START Provided information

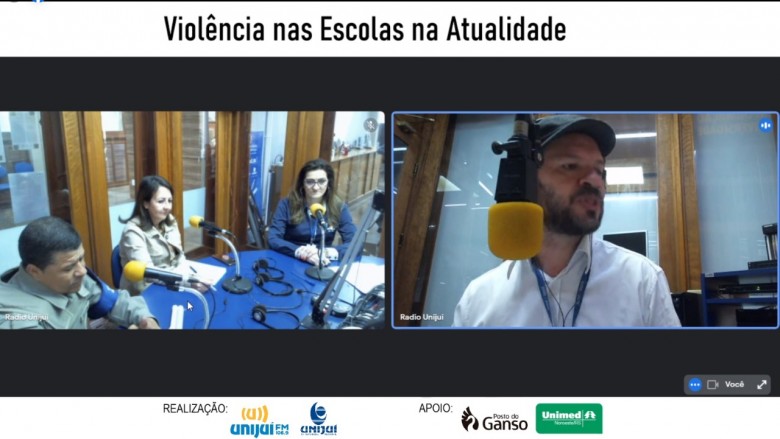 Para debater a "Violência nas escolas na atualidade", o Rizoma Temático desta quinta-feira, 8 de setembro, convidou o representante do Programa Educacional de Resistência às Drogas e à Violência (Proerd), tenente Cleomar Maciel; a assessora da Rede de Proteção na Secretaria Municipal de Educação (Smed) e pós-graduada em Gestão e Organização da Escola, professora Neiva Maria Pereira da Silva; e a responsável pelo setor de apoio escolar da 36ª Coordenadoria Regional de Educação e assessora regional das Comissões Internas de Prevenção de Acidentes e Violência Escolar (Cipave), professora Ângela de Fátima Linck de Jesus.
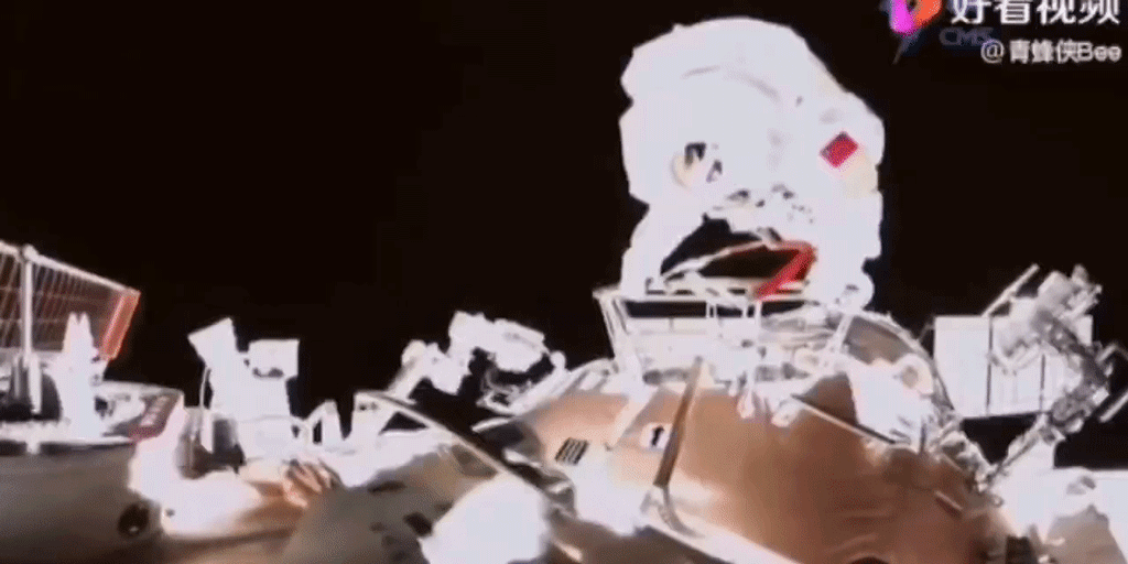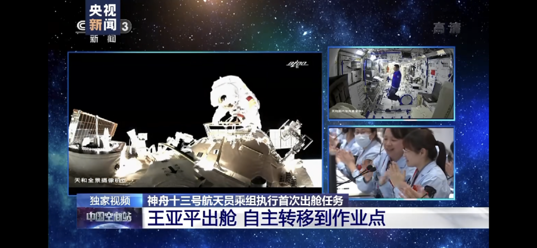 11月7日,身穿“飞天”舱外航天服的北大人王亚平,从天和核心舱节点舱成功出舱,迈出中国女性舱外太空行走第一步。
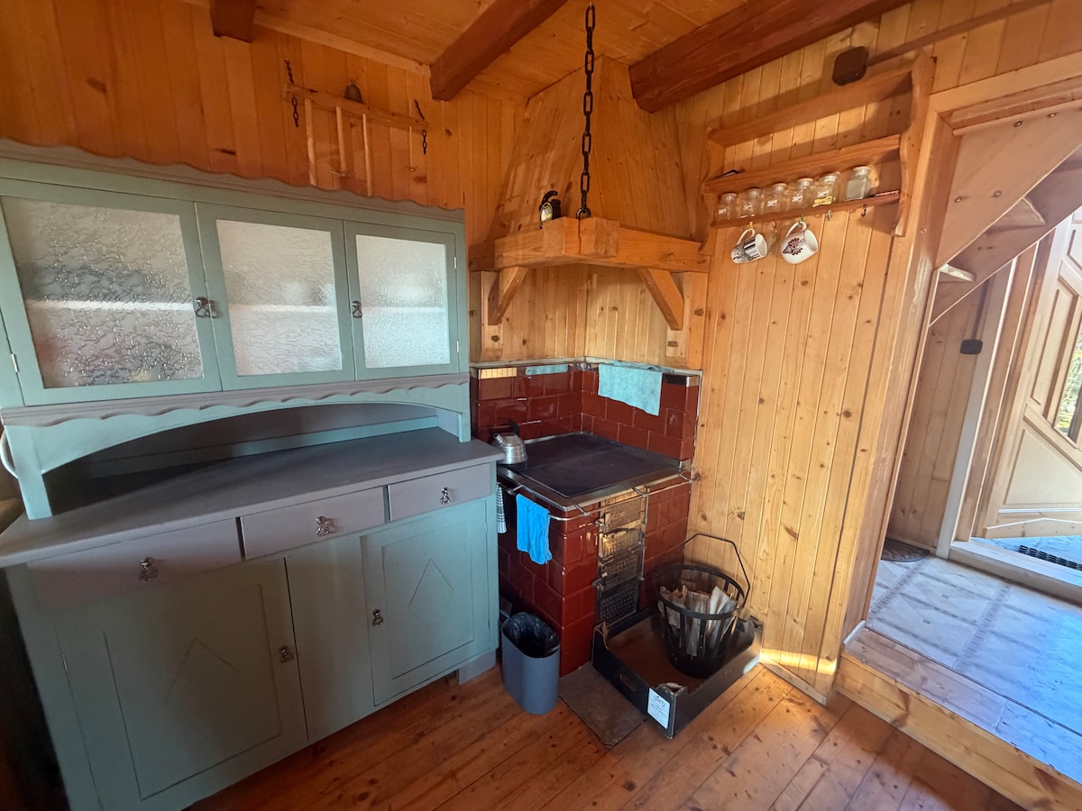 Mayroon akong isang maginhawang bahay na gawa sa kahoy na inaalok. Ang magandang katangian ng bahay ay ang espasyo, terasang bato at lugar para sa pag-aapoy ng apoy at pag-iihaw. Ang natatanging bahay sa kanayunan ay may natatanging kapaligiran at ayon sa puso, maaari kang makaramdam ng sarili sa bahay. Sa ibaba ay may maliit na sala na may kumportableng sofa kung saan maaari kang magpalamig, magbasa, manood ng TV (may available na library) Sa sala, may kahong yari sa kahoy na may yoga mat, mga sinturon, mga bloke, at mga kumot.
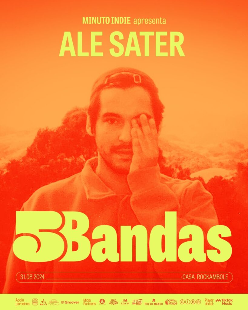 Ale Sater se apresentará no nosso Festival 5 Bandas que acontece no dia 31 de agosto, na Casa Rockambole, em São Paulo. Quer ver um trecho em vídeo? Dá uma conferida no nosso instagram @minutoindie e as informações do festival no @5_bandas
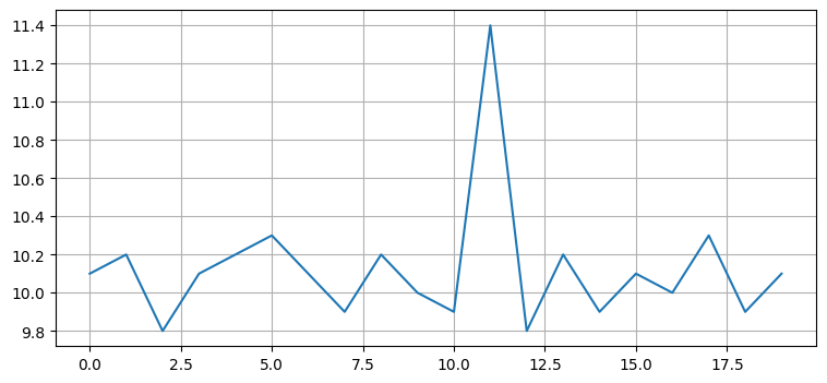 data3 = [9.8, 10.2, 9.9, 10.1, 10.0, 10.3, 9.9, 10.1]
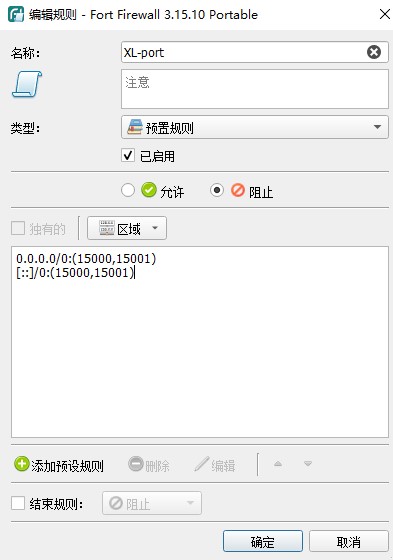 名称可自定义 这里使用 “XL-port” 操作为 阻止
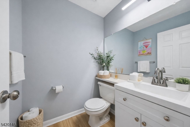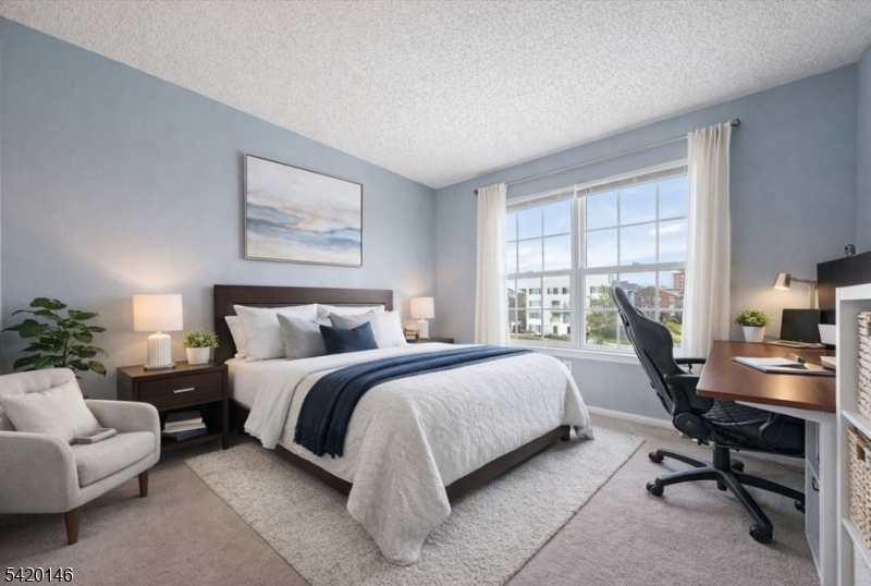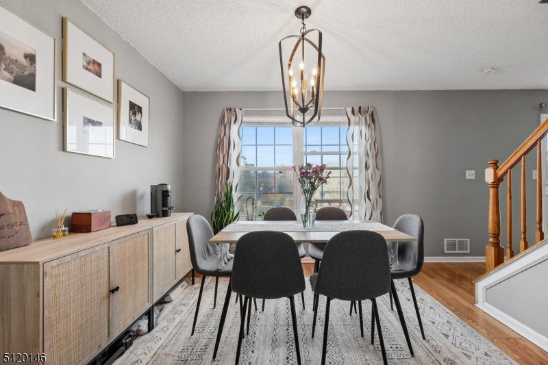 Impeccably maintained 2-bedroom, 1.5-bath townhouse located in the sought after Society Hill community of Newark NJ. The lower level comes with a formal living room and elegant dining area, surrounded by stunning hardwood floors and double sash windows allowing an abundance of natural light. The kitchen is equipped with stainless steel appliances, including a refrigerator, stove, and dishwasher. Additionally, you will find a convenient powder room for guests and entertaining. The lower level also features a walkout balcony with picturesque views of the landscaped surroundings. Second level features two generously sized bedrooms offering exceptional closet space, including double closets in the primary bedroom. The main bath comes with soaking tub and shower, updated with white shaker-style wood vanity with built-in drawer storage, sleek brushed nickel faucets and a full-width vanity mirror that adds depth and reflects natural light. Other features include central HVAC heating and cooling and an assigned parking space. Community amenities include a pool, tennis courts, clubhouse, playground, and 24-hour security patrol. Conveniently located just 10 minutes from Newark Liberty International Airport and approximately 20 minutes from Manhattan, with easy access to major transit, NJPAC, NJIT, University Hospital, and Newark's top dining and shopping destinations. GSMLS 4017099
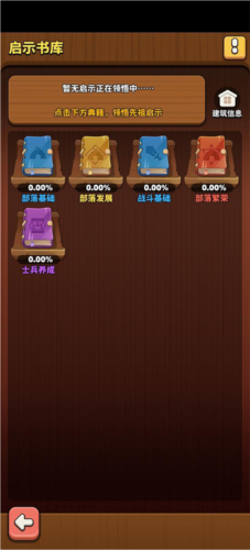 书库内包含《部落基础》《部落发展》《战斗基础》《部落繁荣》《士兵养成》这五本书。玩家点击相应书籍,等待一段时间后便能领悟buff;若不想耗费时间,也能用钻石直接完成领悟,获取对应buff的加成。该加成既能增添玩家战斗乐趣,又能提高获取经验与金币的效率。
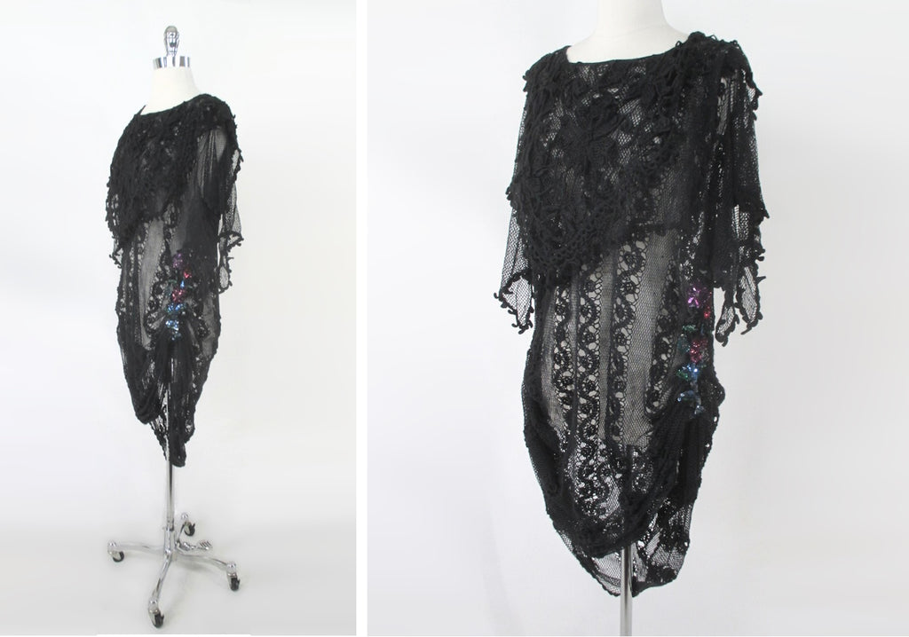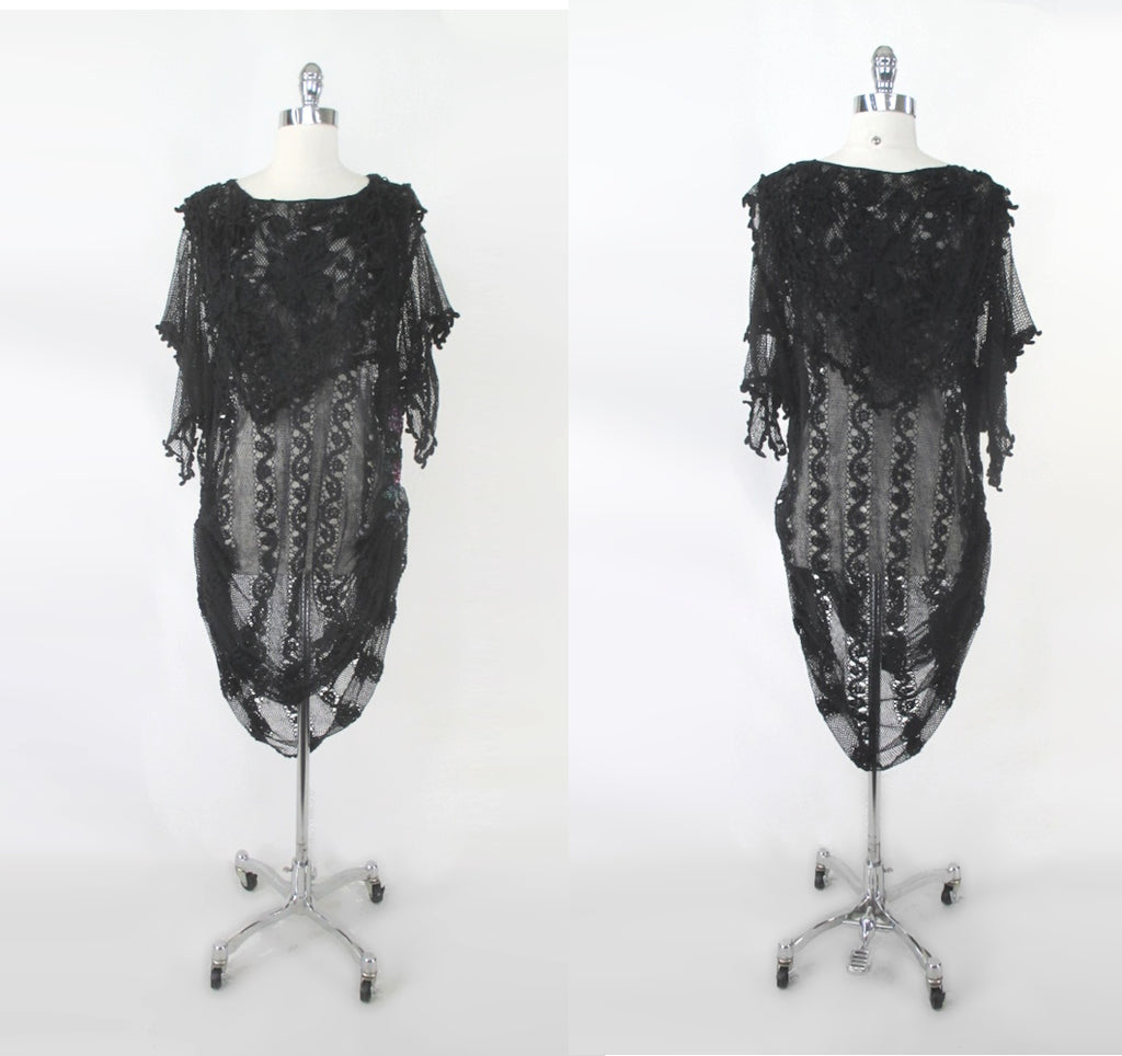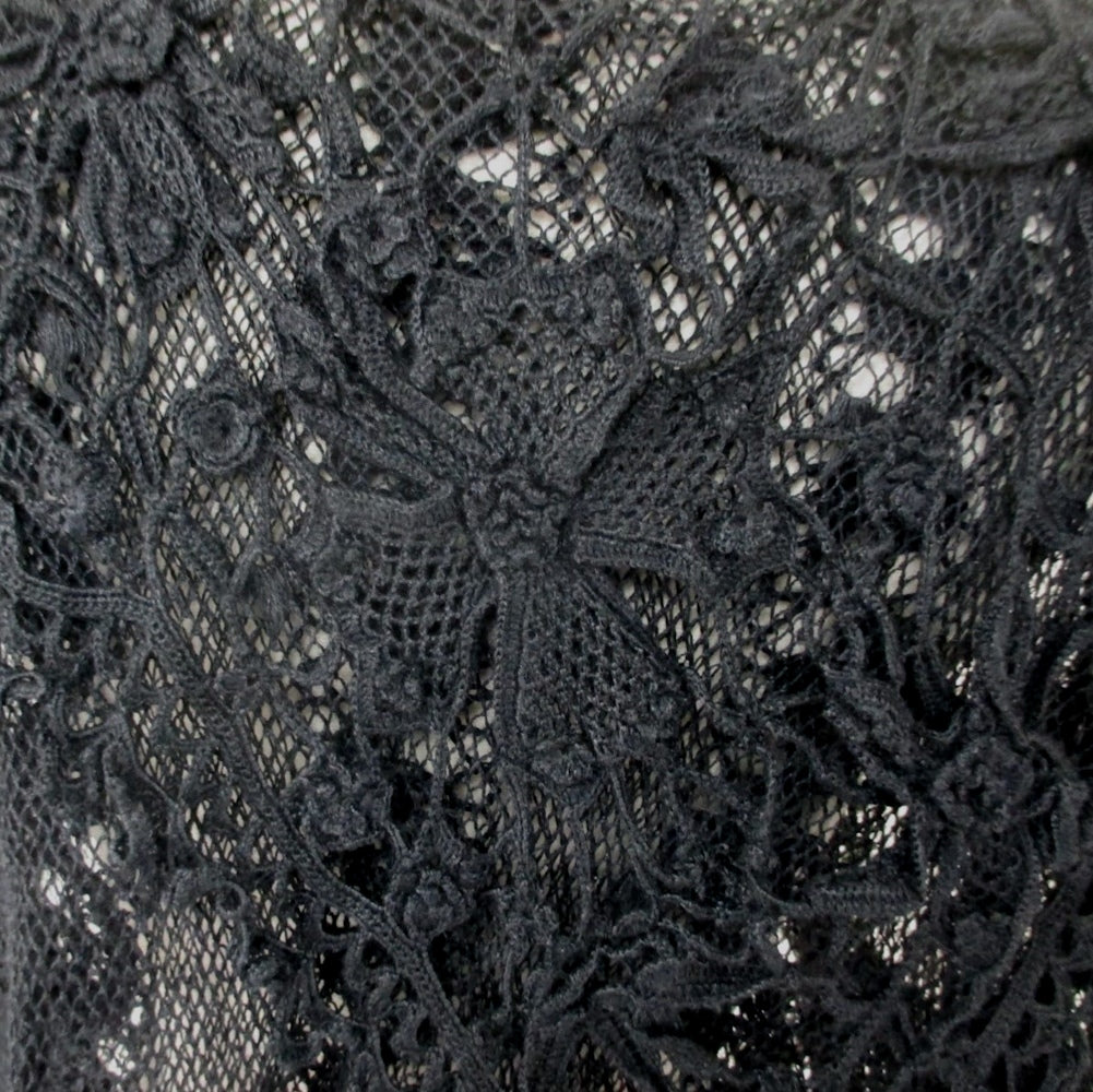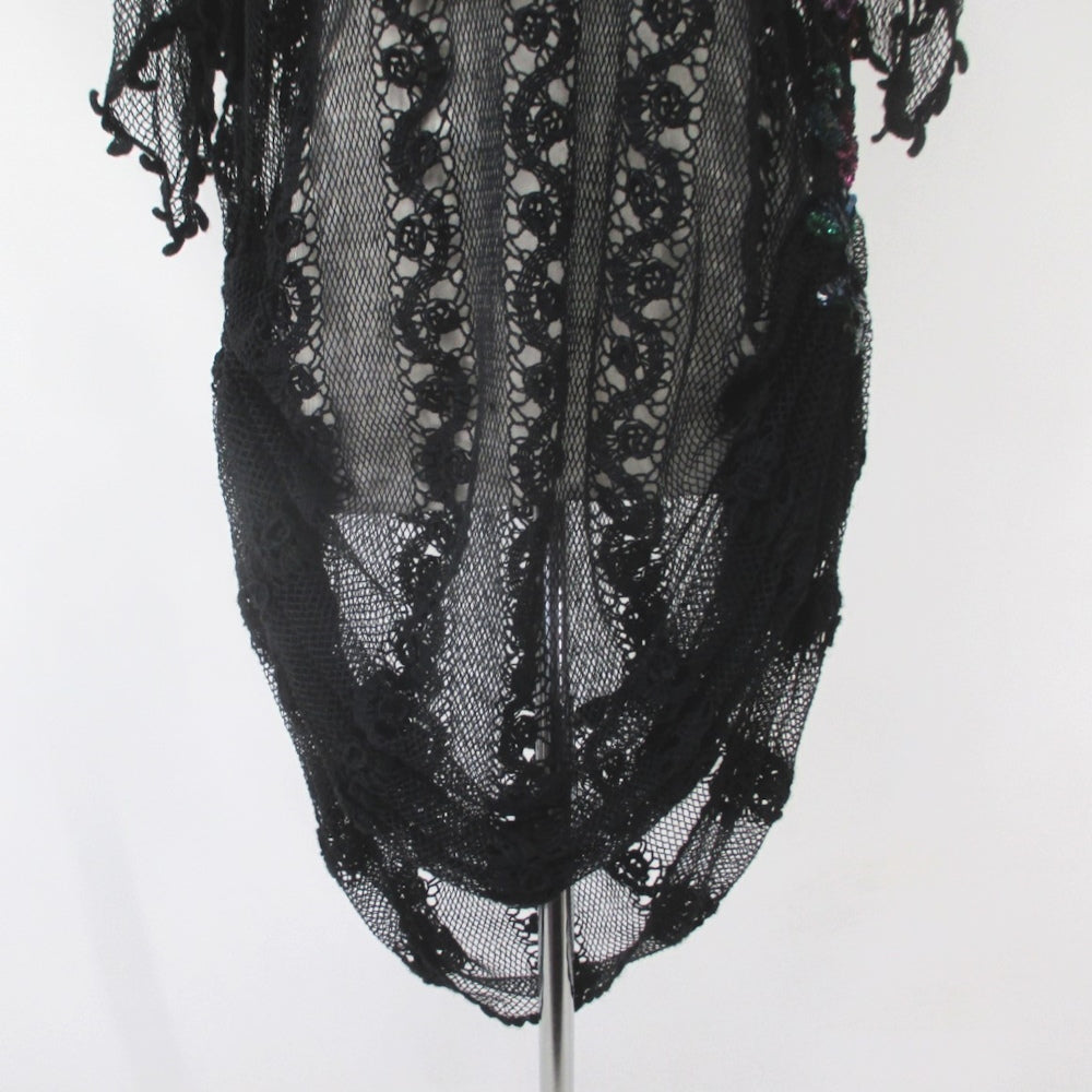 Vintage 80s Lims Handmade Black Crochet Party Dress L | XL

END Provided information

(Task to carry out) At the line containing "书库内包含《部落基础》《部落", start reproducing exactly, and stop after the last line of the listing; include both ends, and leave the pictures out.

(Exercise answer)
 书库内包含《部落基础》《部落发展》《战斗基础》《部落繁荣》《士兵养成》这五本书。玩家点击相应书籍,等待一段时间后便能领悟buff;若不想耗费时间,也能用钻石直接完成领悟,获取对应buff的加成。该加成既能增添玩家战斗乐趣,又能提高获取经验与金币的效率。
 Vintage 80s Lims Handmade Black Crochet Party Dress L | XL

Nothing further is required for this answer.